Mockery and self-mockery, however, are intimately bound up with the insoluble dilemmas in which Kanaaneh consistently finds himself as a servant of a state that mistrusts, rejects, and seeks to destroy his people. His own role necessarily comes under the microscope, with results that border on self-flagellation:

“We are all involved in the same type of maneuvering to gain favor for our villages in any way we think appropriate. We all are aligning ourselves with the powers that be to secure a scrap from the banquet at which we all are undesired guests.”

Or again:

“My power derives from my ability to say ‘No’. … This basic inability to pursue positive options, to act proactively, puts me on a confrontational path with my bosses.
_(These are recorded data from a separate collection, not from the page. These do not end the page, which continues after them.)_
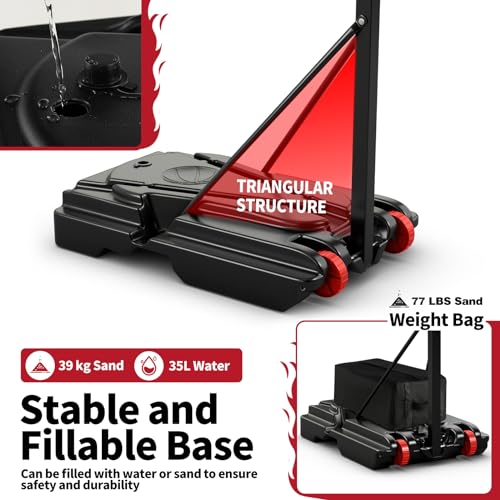 [Stable & Fillable Base with Weight Bag]: The stable and thickened base with triangular support ensures stability and prevents tipping over. It can be filled with 9.2 gallon water or 86 lbs sand for added stability. Moreover, the weight bag can be filled with 77 lbs sand for enhanced stability. Plus, the built-in round recess on the base perfectly holds the ball without it rolling away.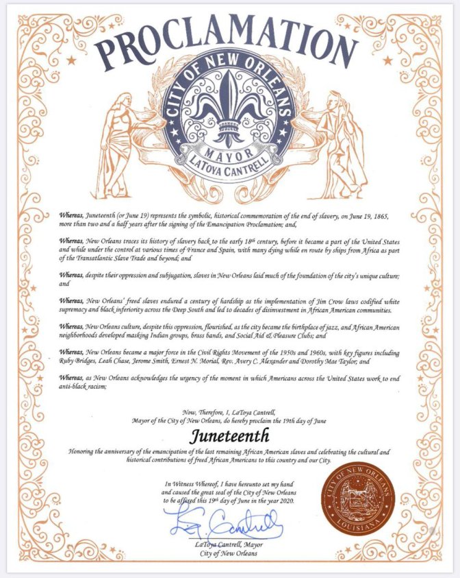 I wonder why it isn’t Juneteenth celebrated on a larger scale in New Orleans, primarily when the city is known to celebrate some of the strangest things. We have festivals for food, a voodoo fest, a Greek Fest, a whiskey fest, and the list of fest goes on. Is it the sensitivity of the issue at hand that has some cringing at the even written word “J.U.N.E.T.E.E.N.T.H? Is it not celebrated as it should, because some think it’s “just for black” as if white people didn’t assist in this life-changing day? Is it hard for some to accept that Slavery did happen by way of their lineage? Can we stop avoiding ” The Talk” about the day African Americans became “real people” to the government? It happened we need to celebrate days, events such as Juneteenth together to prevent slavery from happening again.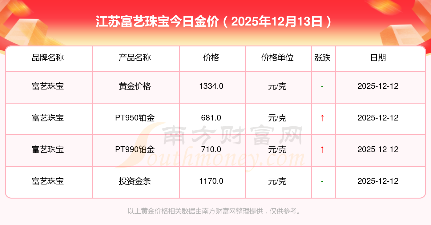 今天黄金价格行情怎样?此刻每克黄金售价多少?2025年12月13日江苏富艺珠宝今日价格:黄金价格1336.0元/克,铂金价格681.0元/克,黄金价格1337.0元/克,铂金价格650.0元/克,黄金价格1339.0元/克,铂金价格600.0元/克,黄金价格1338.0元/克,铂金价格681.0元/克,饰品金价(内地)1336.0元/克,黄金饰品(香港)47410.0,铂金价格(香港)19550.0。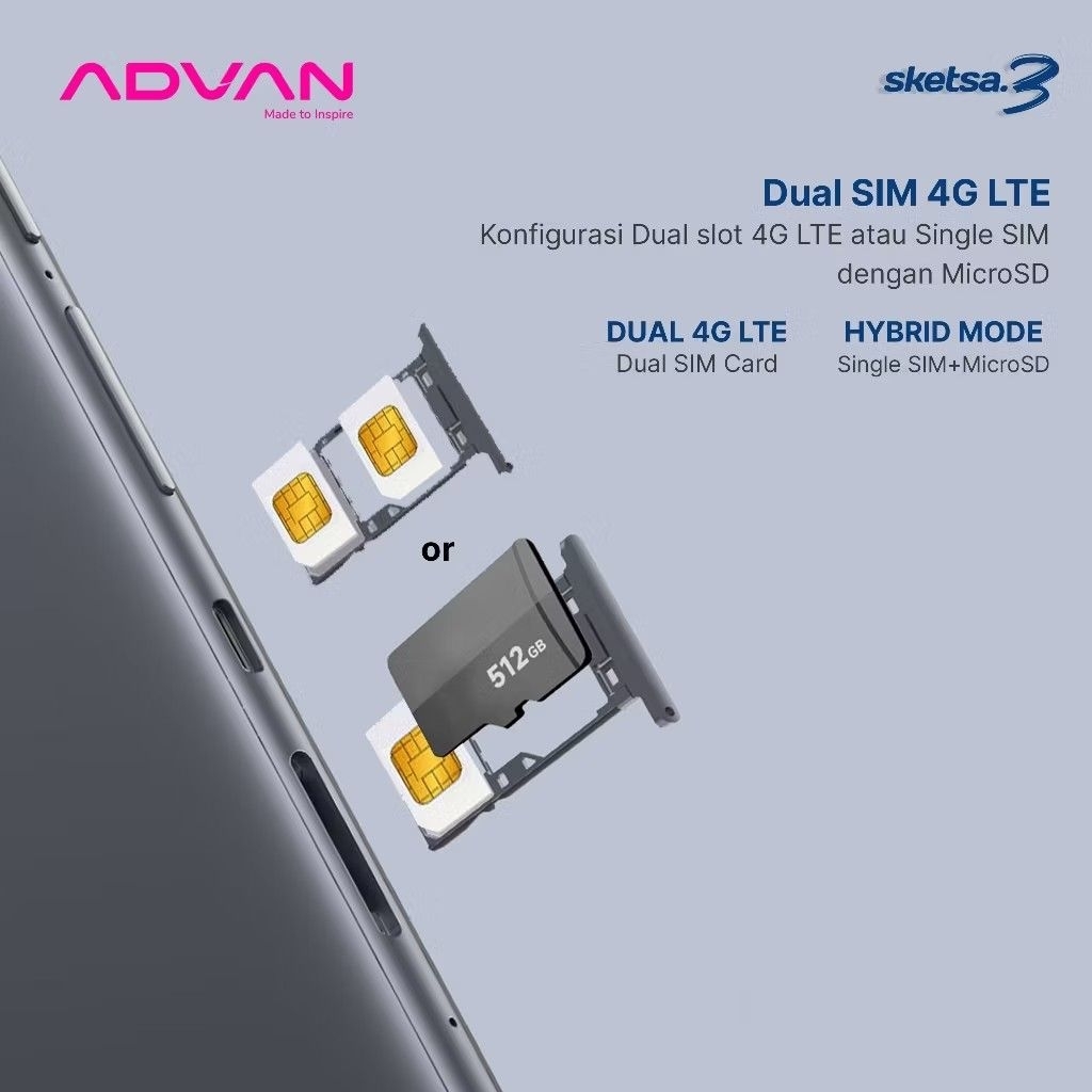 ADVAN TAB Sketsa 3 [8/128 GB] [ FREE Keyboard + Stylus] 10.1 Inchi HD IPS, Tiger T606 Android - GARANSI RESMI ADVAN

It sets my ethics and my job description on a collision course.”

Kanaaneh perceptively describes a tendency, well-known to many post-colonial societies (not excluding my native Ireland), to internalize negative characterizations stemming from the enemy. The contempt for Arab workmanship implied in the Hebrew phrase avodat aravim (or more precisely in the tone in which it is uttered, the phrase itself simply meaning “Arab handiwork”) is dealt with “by adopting it as part of [Arab workers’] own language, incorporating it in the jokes they crack with their Jewish bosses and by giving it expression in concrete and stone. It is a sign … that … we are unwelcome, disenfranchised, and unworthy even in our own eyes.”

And yet, although the story that Hatim Kanaaneh has to tell is one of humiliation and frustration, and while he never engages in fruitlessly optimistic prognoses, A Doctor in Galilee is anything but a depressing book. This is down to the vivid and prepossessing personality of the author who leaps at us, warts and all (and bunions — there is a preposterously entertaining story about an Israeli airport security officer who is suspicious of the good doctor’s “bulging bunion”), from these pages. It is also down to the final chapter, a magnificent homage to an ancient olive tree that deserves to be anthologized. Perhaps after all there is optimism in the last sentences of the book, in which past is linked to future in the implicit assumption that Palestinian sumud (steadfastness) will triumph:

“This gnarled behemoth, with its two-meter wide, beautifully sculpted trunk and over ten square meters of exposed root system saw it all. I can prove my belonging to this piece of the earth’s crust through it; its roots are my surrogate roots. And they are taking hold in my land that I inherited from my father, who inherited it from his father, who …”

Raymond Deane is an Irish composer, author and activist.